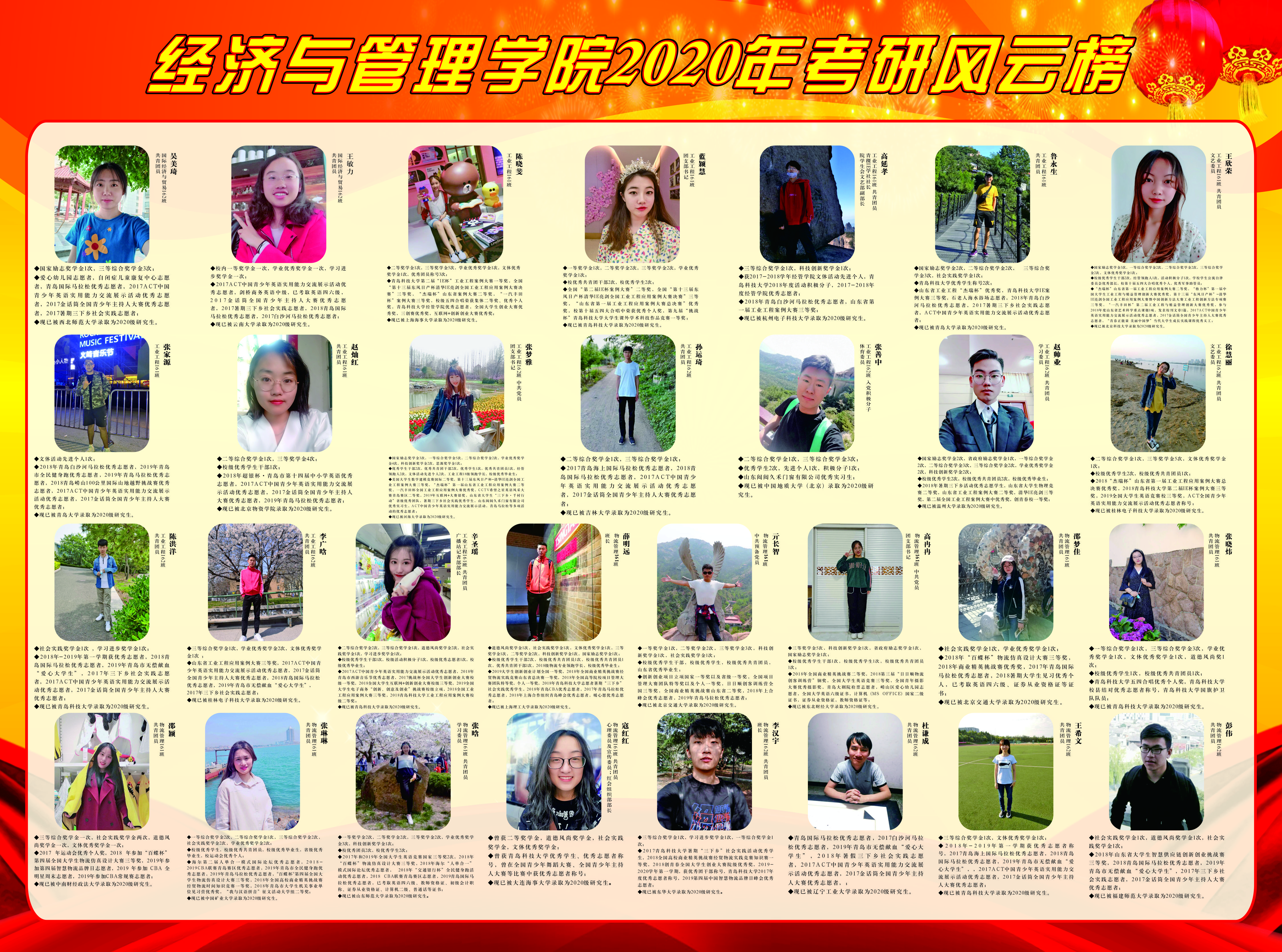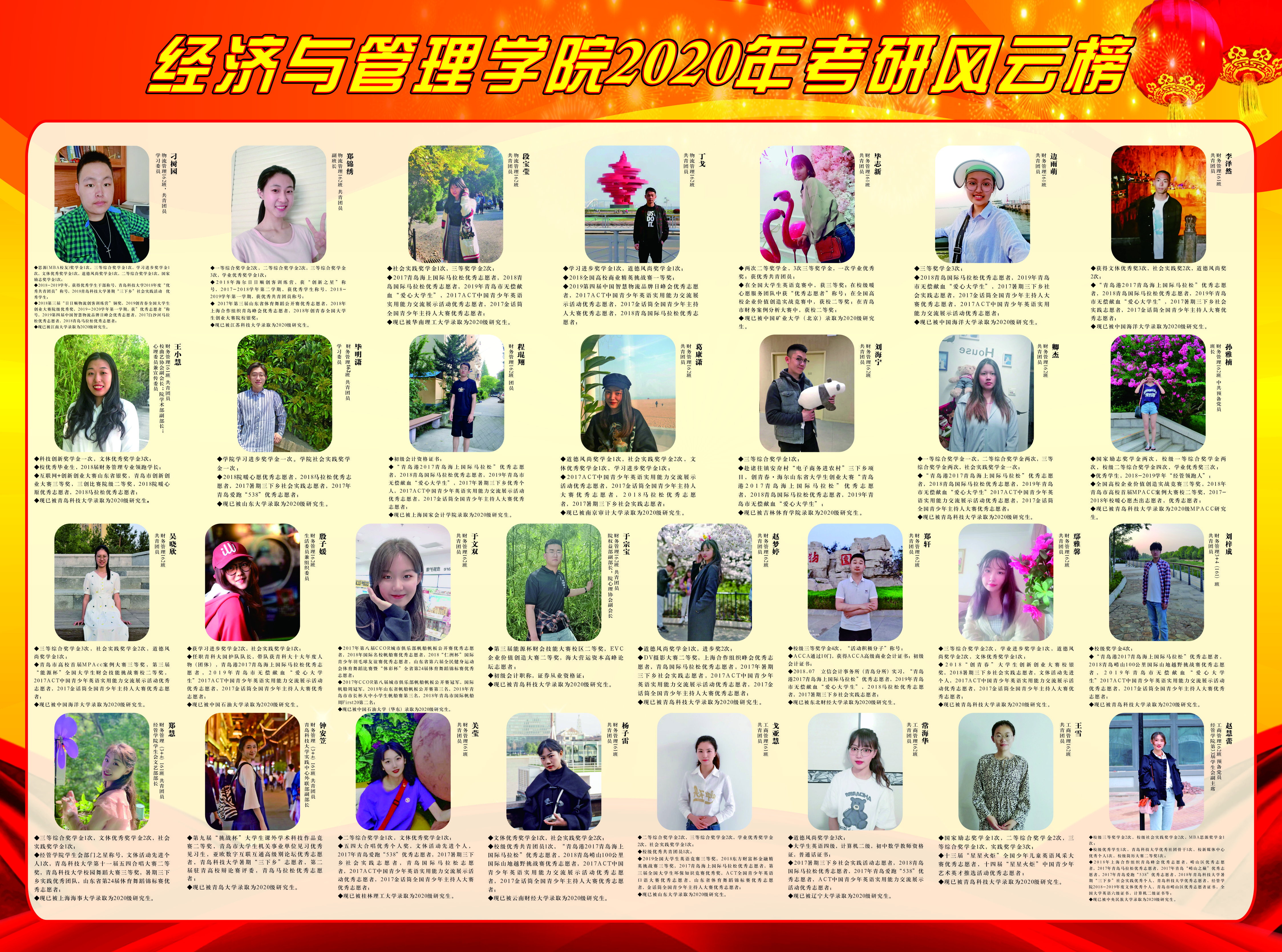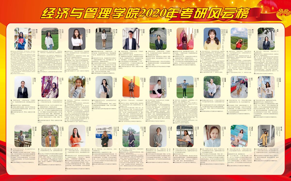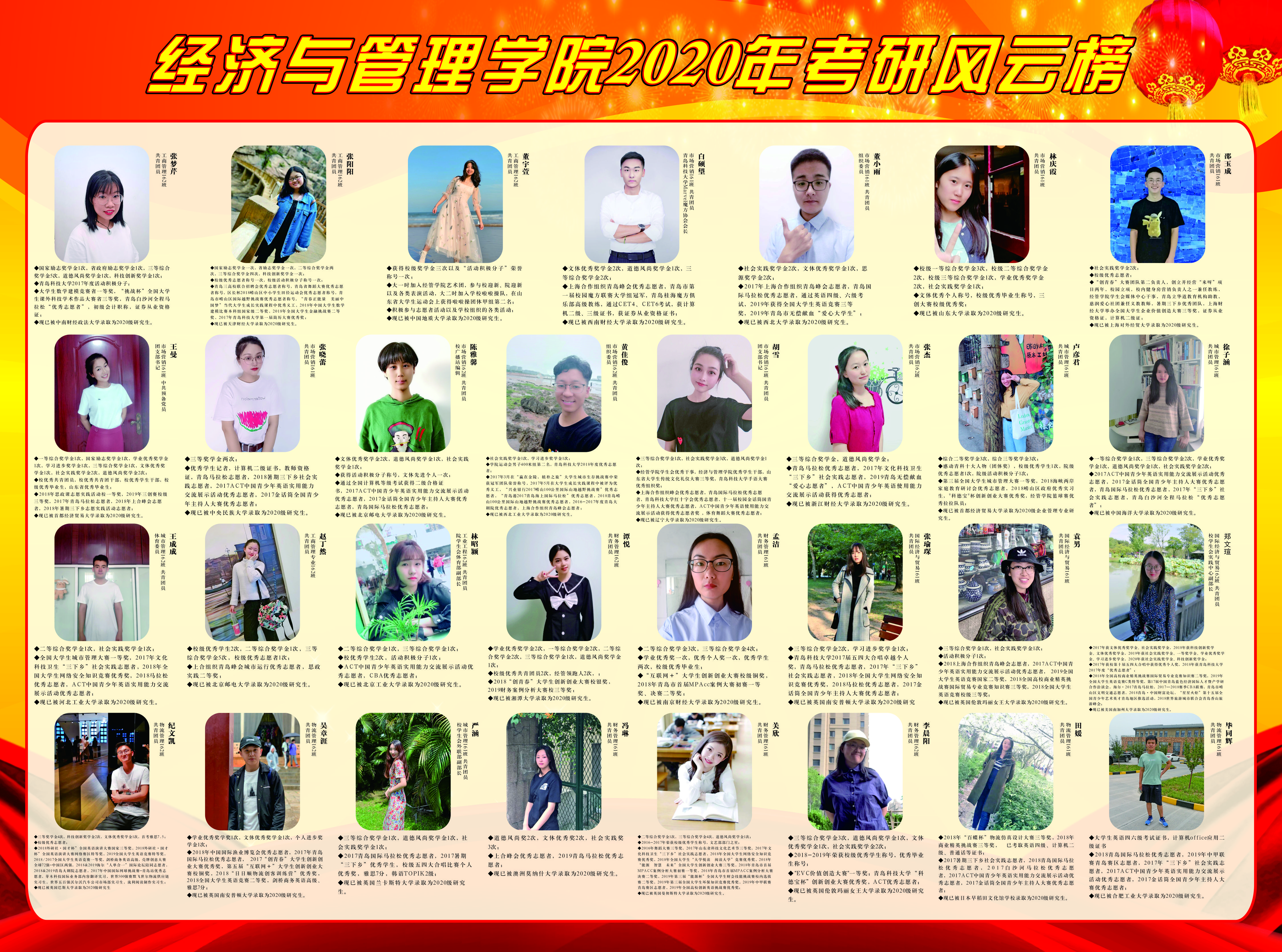 日前,2020年全国硕士研究生招生录取工作落下帷幕,我院考研喜报频频传来,在全体师生的共同努力下,我院的考研工作较之以往又上新台阶。据统计,国内外升学最终录取人数122人,双一流高校录取人数58人,总考研率达24.94%,较去年提升近5个百分点。其中,国际经济与贸易专业考研率37.5%,工商管理专业考研率14.71%,财务管理专业考研率23.97%,工业工程专业考研率30.51%,城市管理专业考研率10.34%,市场营销专业考研率19.35%,物流管理专业考研率40.35%。为进一步夯实学院学风建设,树榜样,立标杆,营造浓厚学术氛围,特推出“考研风云榜”展示活动,具体如下:
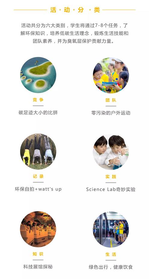 1.在一天时间内挑战“臭氧英雄·低碳足迹”国际主题活动,学习低碳生活技能,感受中英双语课堂;
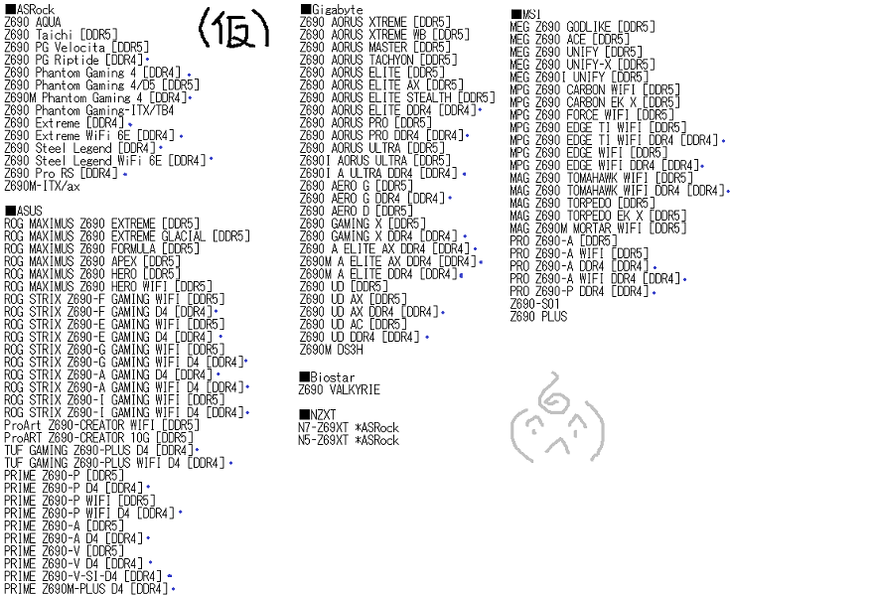 Официальная премьера процессоров Intel Alder Lake состоится 27 октября, а продажи стартуют 4 ноября. Одновременно с ними в продаже появятся топовые системные платы на чипсете Z690. И сейчас в Сети появился перечень (судя по всему, полный) разных моделей на Z690 от шести производителей.
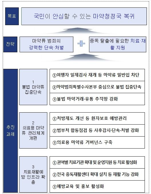 [제주교통복지신문 박상현 기자] 정부는 11월 22일 오후 2시 정부서울청사에서 제7차 마약류대책협의회를 개최하고, 회의 종료 직후 관계부처 합동브리핑(브리퍼: 방기선 국무조정실장)을 통해 '마약류 관리 종합대책」 을 발표했다.
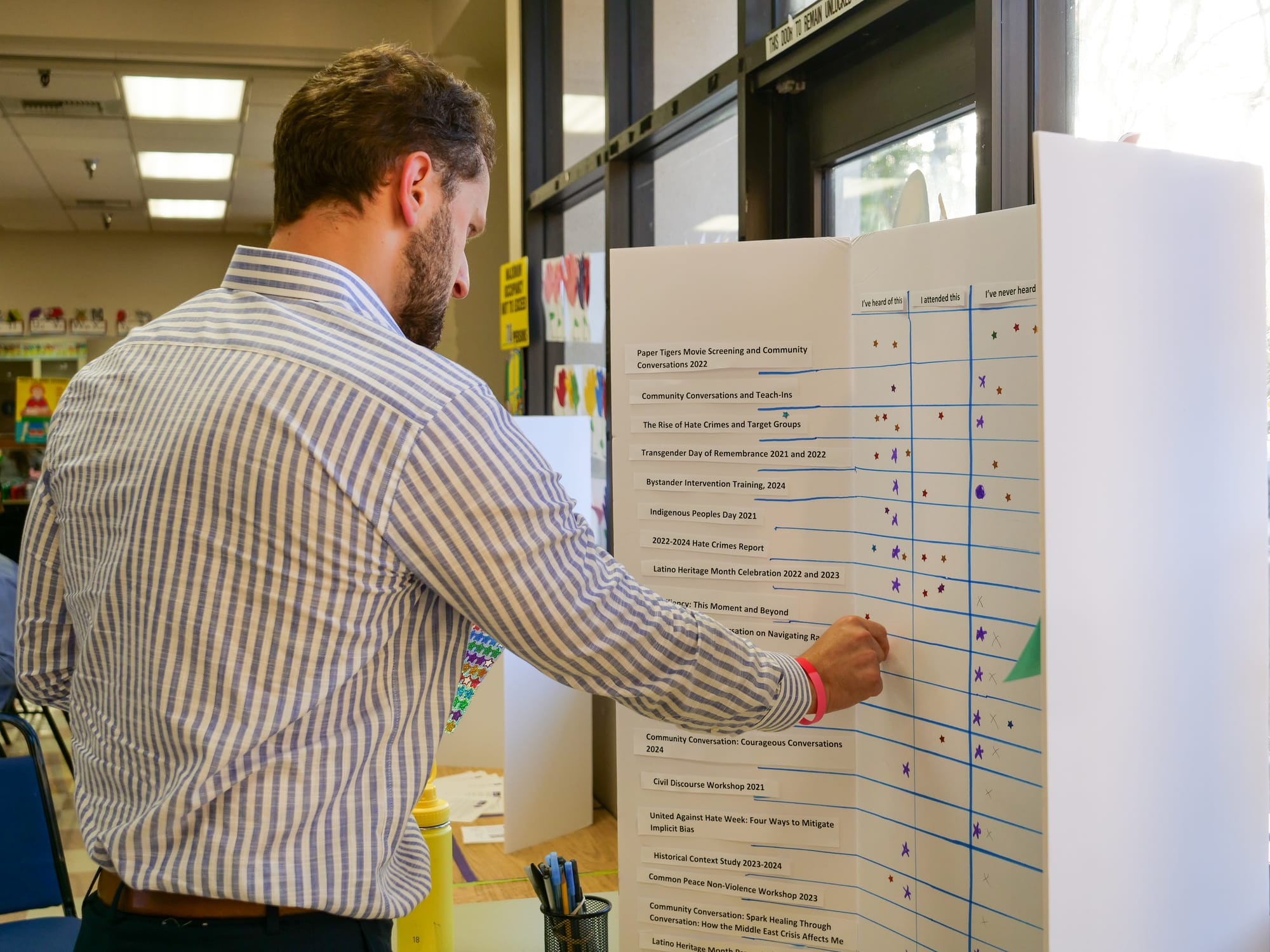 A third activity had participants identify some of the events in the city spanning back several years that are part of current efforts around creating equity. These events included those focused on race, like Latino Heritage Month Celebrations in 2022 and 2023 and the Courageous Conversation on Race Relations, but also things like the 2023 Community Conversation on Ageism.

TASK GOAL. Copy every entry word for word, but omit the pictures.

SOLUTION TO THIS PROBLEM.
 日前,2020年全国硕士研究生招生录取工作落下帷幕,我院考研喜报频频传来,在全体师生的共同努力下,我院的考研工作较之以往又上新台阶。据统计,国内外升学最终录取人数122人,双一流高校录取人数58人,总考研率达24.94%,较去年提升近5个百分点。其中,国际经济与贸易专业考研率37.5%,工商管理专业考研率14.71%,财务管理专业考研率23.97%,工业工程专业考研率30.51%,城市管理专业考研率10.34%,市场营销专业考研率19.35%,物流管理专业考研率40.35%。为进一步夯实学院学风建设,树榜样,立标杆,营造浓厚学术氛围,特推出“考研风云榜”展示活动,具体如下:
 1.在一天时间内挑战“臭氧英雄·低碳足迹”国际主题活动,学习低碳生活技能,感受中英双语课堂;
 Официальная премьера процессоров Intel Alder Lake состоится 27 октября, а продажи стартуют 4 ноября. Одновременно с ними в продаже появятся топовые системные платы на чипсете Z690. И сейчас в Сети появился перечень (судя по всему, полный) разных моделей на Z690 от шести производителей.
 [제주교통복지신문 박상현 기자] 정부는 11월 22일 오후 2시 정부서울청사에서 제7차 마약류대책협의회를 개최하고, 회의 종료 직후 관계부처 합동브리핑(브리퍼: 방기선 국무조정실장)을 통해 '마약류 관리 종합대책」 을 발표했다.
 A third activity had participants identify some of the events in the city spanning back several years that are part of current efforts around creating equity. These events included those focused on race, like Latino Heritage Month Celebrations in 2022 and 2023 and the Courageous Conversation on Race Relations, but also things like the 2023 Community Conversation on Ageism.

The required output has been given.